I first developed an experimental system to analyze promoter activity in primary cultured neuronal cells. Particularly focusing on the transcription regulation of the brain-derived neurotrophic factor (BDNF) gene (Bdnf), I found that the interaction of the cAMP response element-binding protein (CREB) with the CRE sequence is important for the activity-dependent activation of the Bdnf promoter. In addition, this activity-dependent transcriptional regulation occurs in cultured neurons stimulated with excitatory GABAergic inputs, which plays a critical role in promoting the step of neuronal differentiation. Finally, I found that stimulation of the G-protein coupled receptor (GPCR) Fer-1 inhibitor effectively
activates Bdnf promoter IV through selective activation of the calcineurin pathway, irrespective of the type of GPCR if the protein kinase A or C pathway is activated.

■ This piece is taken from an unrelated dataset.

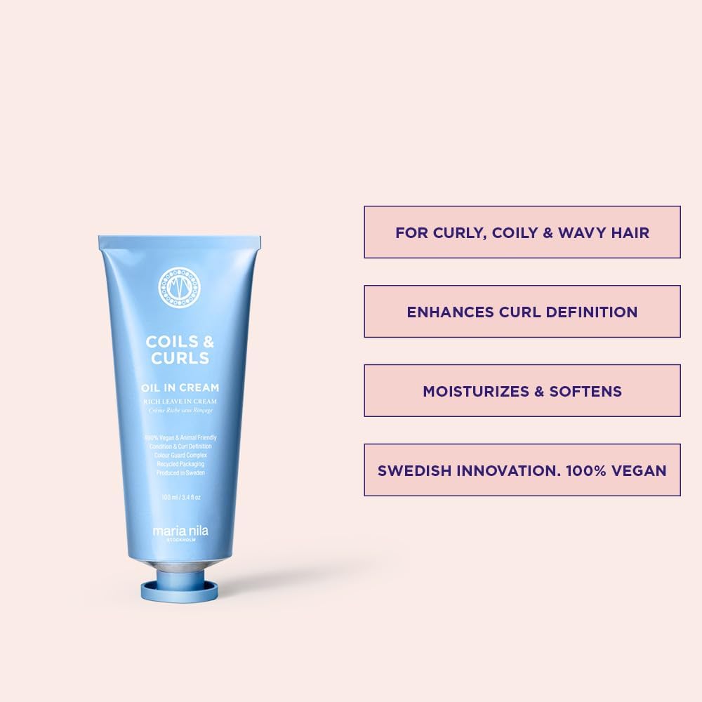 Maria Nila Coils & Curls Oil-In-Cream, 100 ml, voor krullend en golvend haar, Jojoba-olie om gehydrateerd te blijven tijdens het wassen, Karitéboter voor krullenversteviging, 100% veganistisch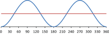 Hierboven het vermogen zonder faseverschil tussen spanning en stroom. De blauwe lijn is het verloop van het vermogen, de rode lijn het gemiddelde (het actieve vermogen). De blauwe lijn beweegt hier tussen 0 en 1. Het actieve vermogen is altijd positief (spanning en stroom zijn ofwel beiden positief ofwel beiden negatief). Terzijde: de frequentie van het vermogen is twee keer die van spanning en stroom, per cyclus van 360 graden worden de maximale en minimale waarde twee keer in plaats van één keer bereikt.

This induction mechanism appears important to understand intracellular mechanisms evoked via simultaneous GKT137831 Immunology & Inflammation inhibitor neurotransmission of excitatory and modulatory inputs into neurons of the brain.”
“Tian N, Moore RS, Phillips WE, Lin L, Braddy S, Pryor JS, Stockstill RL, Hughson MD, Manning RD Jr. NADPH oxidase contributes to renal damage and dysfunction in Dahl salt-sensitive hypertension. Am J Physiol Regul Integr Comp Physiol 295: R1858-R1865, 2008. First published October 15, 2008; doi:10.1152/ajpregu.90650.2008.-The goal of this study was to test the hypothesis that NADPH oxidase contributes importantly to renal cortical oxidative stress and inflammation, as well as renal damage and dysfunction, and increases in arterial pressure. Fifty-four 7- to 8-wk-old Dahl buy PCI-34051 salt-sensitive ( S) or R/Rapp strain rats were maintained for 5 wk on a high sodium ( 8%) or high sodium + apocynin ( 1.5 mmol/l in drinking water). Arterial and venous catheters were implanted on day 21. By day 35 in the high-Na S rats, mRNA expression of renal cortical gp91phox, p22phox, p47phox, and p67phox NADPH subunits in
S rats increased markedly, and treatment of high-Na S rats with the NADPH oxidase inhibitor apocynin resulted in significant decreases in mRNA expression of these NADPH oxidase subunits. At the same time, in apocynin-treated S rats 1) renal cortical GSH/GSSG ratio increased, 2) renal cortical O(2)(center dot-) release and NADPH oxidase activity decreased, and 3) renal glomerular and interstitial damage markedly fell. Apocynin also decreased renal cortical monocyte/ macrophage infiltration, and apocynin, but not the xanthine oxidase inhibitor allopurinol, attenuated decreases in renal hemodynamics and lowered arterial pressure. These data suggest that NADPH oxidase plays an important role in causing renal cortical oxidative stress and inflammation, which lead to decreases in renal hemodynamics, renal cortical damage, and increases in arterial pressure.